If a vendor on here has a problem with someone buying a knifed and immediately selling it for a profit, he or she should either raise their price on the item and/or never sell to that individual again. Whining about it accomplishes nothing. The mods setting price limits or killing any sale that might be for profit seems to me to be impossible. Or am I missing something?


----------



## chiffonodd (Sep 4, 2017)

I agree with OP's underlying point, in principle. I have seen threads where a member who obviously has a lot of resources will purchase a knife and then turn around and sell it on BST for a significant markup. This most often seems to arise when a knife that is known to offer particularly high value for the price point becomes scarce. Someone will buy up remaining stock then price gouge on BST. I don't like it and I doubt most find such behavior to conform to the spirit of BST.

But from a practical standpoint, I don't see how this could be regulated. We don't know what's actually going through someone's head. Maybe the person has put some work into the knife, who knows. Any sort of blanket rules would create problems on an individual basis. And who gets to set the criteria, and how would you know what the criteria should be?

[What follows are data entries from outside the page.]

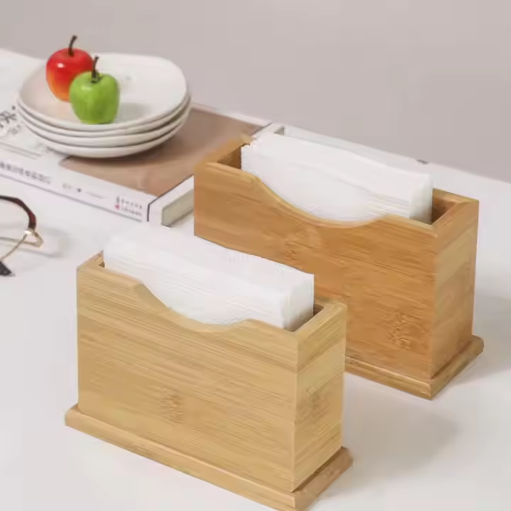 Contenedor de bambú personalizado de varios estilos, caja de pañuelos con logotipo, contenedores de almacenamiento de servilletas de Venta caliente sólidos naturales para oficina en casa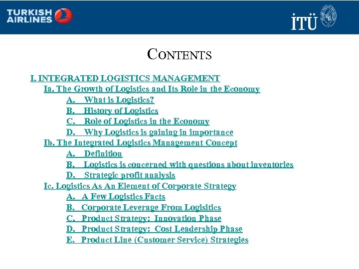 CONTENTS I. INTEGRATED LOGISTICS MANAGEMENT Ia. The Growth of Logistics and Its Role in the Economy A. What is Logistics? B. History of Logistics C. Role of Logistics in the Economy D. Why Logistics is gaining in importance Ib. The Integrated Logistics Management Concept A. Definition B. Logistics is concerned with questions about inventories D. Strategic profit analysis Ic. Logistics As An Element of Corporate Strategy A. A Few Logistics Facts B. Corporate Leverage From Logisitics C. Product Strategy: Innovation Phase D. Product Strategy: Cost Leadership Phase E. Product Line (Customer Service) Strategies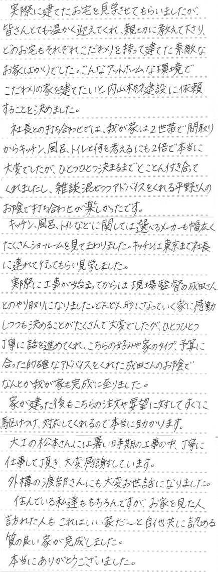 実際に建てたお宅を見学させてもらいましたが、皆さんとても温かく迎えてくれ、親切に教えてくださり、どのお宅もそれぞれこだわりを持って建てた素敵なお家ばかりでした。こんなアットホームな環境でこだわり家を建てたいと内山木材建設に依頼することを決めました。 社長との打合せでは、我が家は2世帯で間取りからキッチン、風呂、トイレと何を考えるにも2倍で本当に大変でしたが、ひとつひとつ決まるまでとことん付き合ってくれましたし、雑談混ぜつつアドバイスをくれる平野さんのお陰で打合せが楽しかったです。 キッチン、風呂、トイレなどに関しては選べるメーカーも幅広く、たくさんのショールームを見てまわりました。キッチンは東京まで社長に連れて行ってもらい見学しました。 実際に工事が始めってからは、現場監督の成田さんとのやり取りになりました。どんどん形になっていく家に感動しつつも決めることがたくさんで大変でしたが、ひとつひとつ丁寧に話を進めてくれ、こちらの好みや家のタイプ、予算に合った的確なアドバイスをくれた成田さんのお陰でなんとか我が家も完成に至りました。 家が建った後もこちらの注文や要望に対してすぐに駆け付け、対応してくれるので本当に助かります。 大工の松本さんには暑い時期の工事の中、丁寧に仕事して頂き、大変感謝しています。 外構の渡部さんにも大変お世話になりました。 住んでいる私達ももちろんですが、お家を見た人、訪れた人も「これはいい家だ~」と自他共に認める質のいい家が完成しました。 本当にありがとうございました。
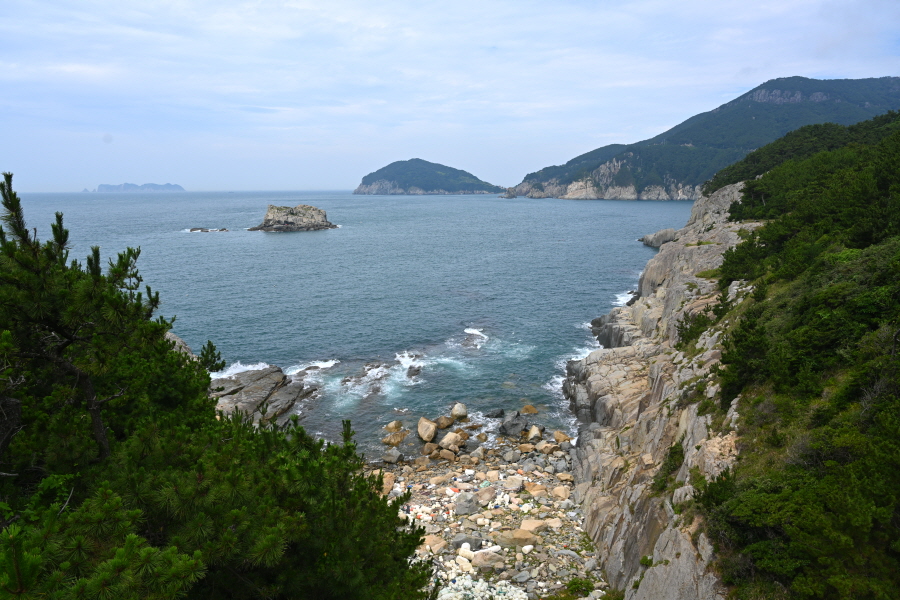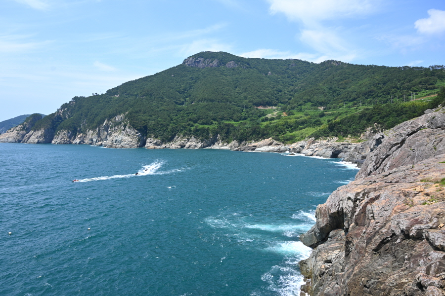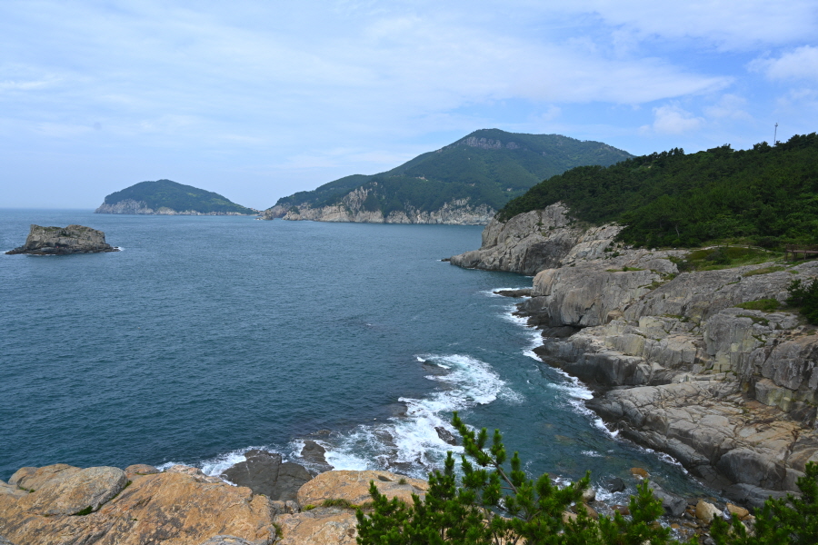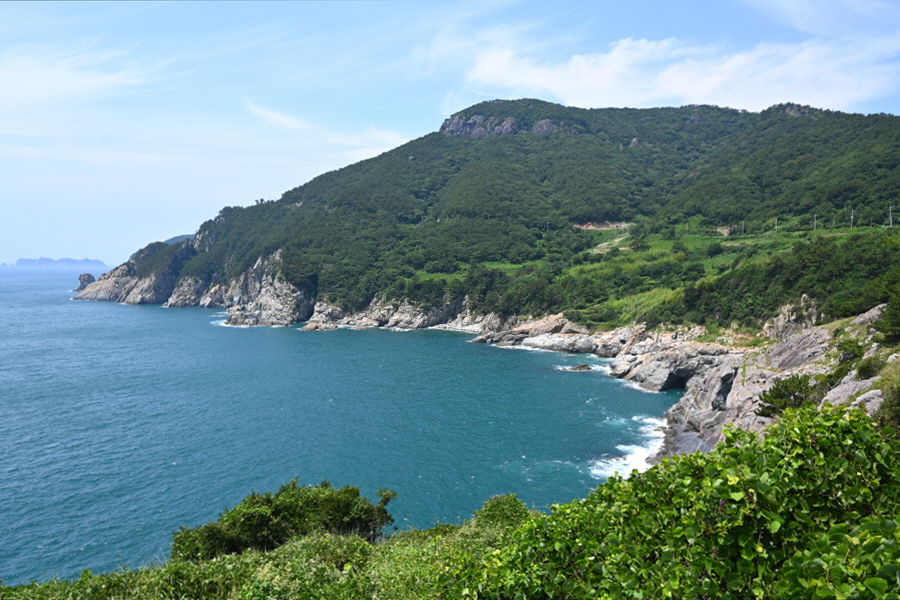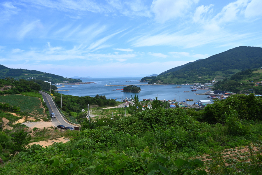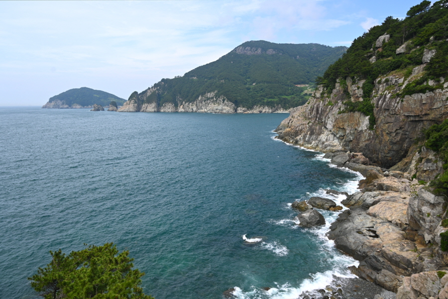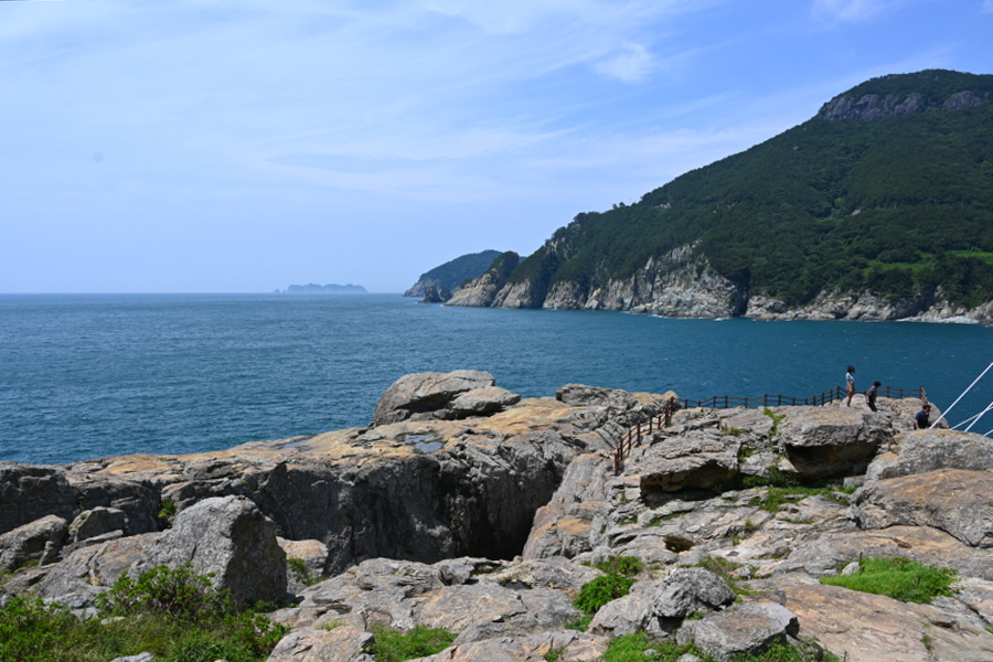 멀리 정면에는 욕지도의 천왕산 대기봉이 산성처럼 막아섰습니다. 왼쪽에는 유동등대와 이무기가 변한 총각을 사랑한 세 명의 여인이 바위가 되었다는 '삼여도(三礖島)' 의 기암절벽은 쪽빛 바다와 어울려 한 폭의 그림 같습니다.
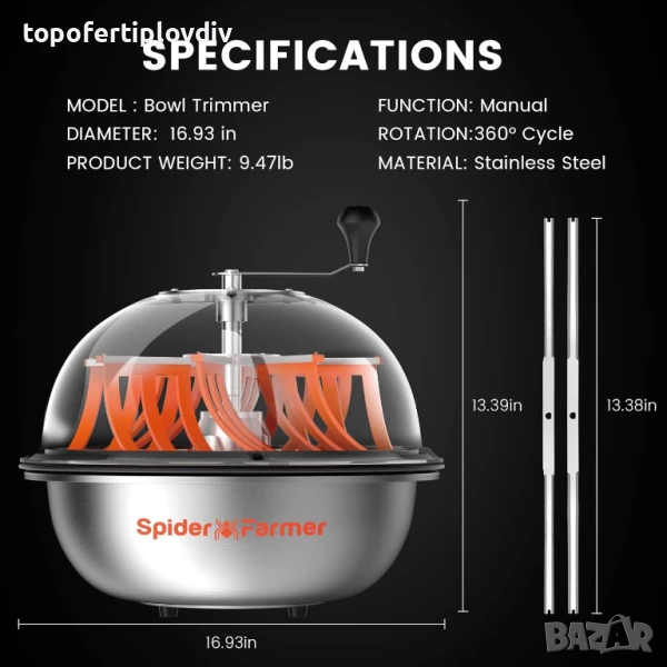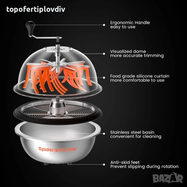 Тример Spider Farmer 16 инча,машина за рязане с центрофуга за растителни пъпки,цветя и билки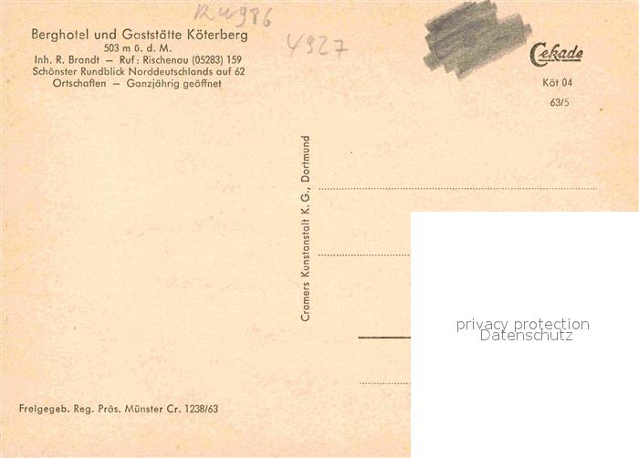 72878851 Rischenau Berghotel Gaststaette Koeterberg Fliegeraufnahme postalisch nicht gelaufen Erhaltung siehe scans [FriedD77] KatCode: 11110005766052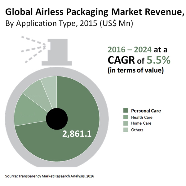 Selon l’étude publiée par Transparency Market Research (TMR) [1], le marché mondial des emballages airless devrait progresser de 5,5% par an [2] de 2016 à 2024 en valeur. La valeur globale du marché est estimée à 4,13 milliards de dollars fin 2016. Elle devrait atteindre 6,34 milliards de dollars à la fin de 2024.
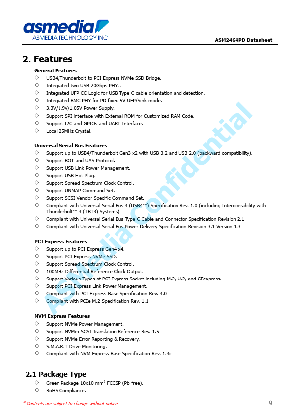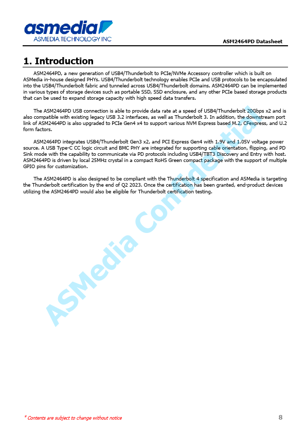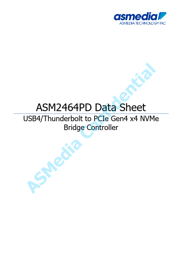 ASMedia Confidential ASM2464PD Data Sheet USB4/Thunderbolt to PCIe Gen4 x4 NVMe Bridge Controller ASM2464PD Datasheet 1. Introduction ASM2464PD, a new generation of USB4/Thunderbolt to PCIe/NVMe Accessory controller which is built on ASMedia in-house designed PHYs. USB4/Thunderbolt technology enables PCIe and USB protocols to be encapsulated into the USB4/Thunderbolt fabric and tunneled across USB4/Thunderbolt...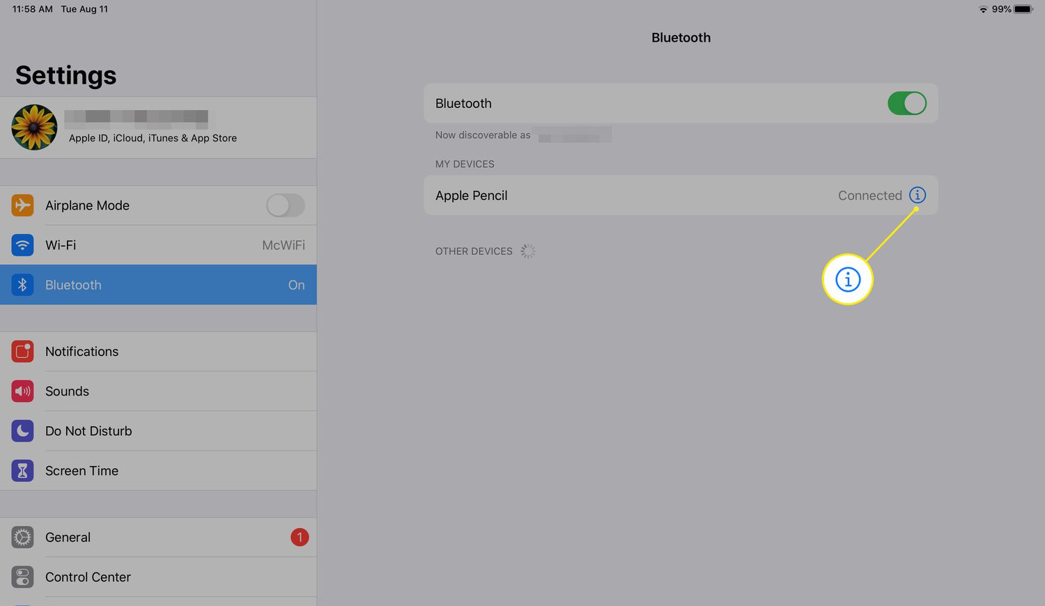 Tap the information icon (the i in a circle) next to Apple Pencil in the Bluetooth settings screen.

Bottom line, I think the vast majority of BST transactions are conducted in good faith. I would leave well enough alone unless something happens on a case by case basis that is truly predatory.


----------



## alterwisser (Sep 4, 2017)

It's a free world. Free market. NO ONE is forced to buy a knife at ANY price. This is not abusing a monopoly like the makers of the EpiPen (a life saving drug!) or driving up prices of food/water for a population in danger of starving.

If you don't like the price, don't buy it. If you don't care about the price because your daddy gave you more money than you can piss away in a lifetime: good for you and tough for others.

Supply and demand. That's just what this is. Nothing more, nothing less. 

If someone snatches a Shig and resells it for double the price a day later I say: good for him, and I laugh at the sucker who paid the premium (because I don't think they're all that special, but that's just me!).... but both got what they wanted. I don't know why anyone (especially not a moderator) should interfere with that!


----------



## panda (Sep 4, 2017)

what about car dealers that sell high demand units at above retail price? if you apply that logic in that scenario you will be laughed out of there so fast..


----------



## malexthekid (Sep 4, 2017)

Firstly, I call BS. The OP has a member in mind. He has already commented in said members BST thread. 

Secondly, it seems you are only a relatively new member so I find it a bit insulting you talking about "how KKF is" like you have been here since day dot. Members have been selling collectable knives for above their retail prices since before KKFs inception.

Also who are you to say if the price is inflated... You can assume you know where said knife was purchased but how can you be sure? Why shouldn't a person be able to attempt to recoup what they thought was market cost if they were swindled. And as has been told many times the market will tell you if you are pricing too high. 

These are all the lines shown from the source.